** Opening SOURCE MATERIAL block **
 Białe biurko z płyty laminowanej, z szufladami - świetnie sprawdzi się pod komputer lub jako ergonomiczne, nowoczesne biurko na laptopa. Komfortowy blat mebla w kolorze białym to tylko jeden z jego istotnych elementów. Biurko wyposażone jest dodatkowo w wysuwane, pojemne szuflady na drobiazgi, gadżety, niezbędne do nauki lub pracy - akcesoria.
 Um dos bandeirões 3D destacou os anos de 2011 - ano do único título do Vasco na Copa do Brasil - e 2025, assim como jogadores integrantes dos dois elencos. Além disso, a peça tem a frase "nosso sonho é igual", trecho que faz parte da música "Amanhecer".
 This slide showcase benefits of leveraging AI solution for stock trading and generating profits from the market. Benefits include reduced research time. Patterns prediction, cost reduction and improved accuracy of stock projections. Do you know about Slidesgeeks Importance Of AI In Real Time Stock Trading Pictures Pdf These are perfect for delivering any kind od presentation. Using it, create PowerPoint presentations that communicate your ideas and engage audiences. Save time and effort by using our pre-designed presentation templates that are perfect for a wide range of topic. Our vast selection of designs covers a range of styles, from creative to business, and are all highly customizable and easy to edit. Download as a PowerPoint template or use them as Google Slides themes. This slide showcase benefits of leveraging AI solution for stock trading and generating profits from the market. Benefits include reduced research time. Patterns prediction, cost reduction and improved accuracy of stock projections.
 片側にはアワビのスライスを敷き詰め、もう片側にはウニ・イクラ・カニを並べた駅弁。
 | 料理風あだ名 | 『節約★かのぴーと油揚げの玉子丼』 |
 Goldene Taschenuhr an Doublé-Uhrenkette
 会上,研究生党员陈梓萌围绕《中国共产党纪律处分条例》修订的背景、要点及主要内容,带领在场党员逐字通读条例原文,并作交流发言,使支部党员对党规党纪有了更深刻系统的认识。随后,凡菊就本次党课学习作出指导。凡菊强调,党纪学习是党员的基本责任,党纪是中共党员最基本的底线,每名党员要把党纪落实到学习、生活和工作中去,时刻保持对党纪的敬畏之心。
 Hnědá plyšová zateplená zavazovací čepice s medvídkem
** Closing SOURCE MATERIAL block **
INSTRUCTIONS TO FOLLOW:
Looking at the material above, please copy exactly every line from its first line through the line containing "Um dos bandeirões", with both ends included and nothing else.

RESULT FOR THIS TASK:
 Białe biurko z płyty laminowanej, z szufladami - świetnie sprawdzi się pod komputer lub jako ergonomiczne, nowoczesne biurko na laptopa. Komfortowy blat mebla w kolorze białym to tylko jeden z jego istotnych elementów. Biurko wyposażone jest dodatkowo w wysuwane, pojemne szuflady na drobiazgi, gadżety, niezbędne do nauki lub pracy - akcesoria.
 Um dos bandeirões 3D destacou os anos de 2011 - ano do único título do Vasco na Copa do Brasil - e 2025, assim como jogadores integrantes dos dois elencos. Além disso, a peça tem a frase "nosso sonho é igual", trecho que faz parte da música "Amanhecer".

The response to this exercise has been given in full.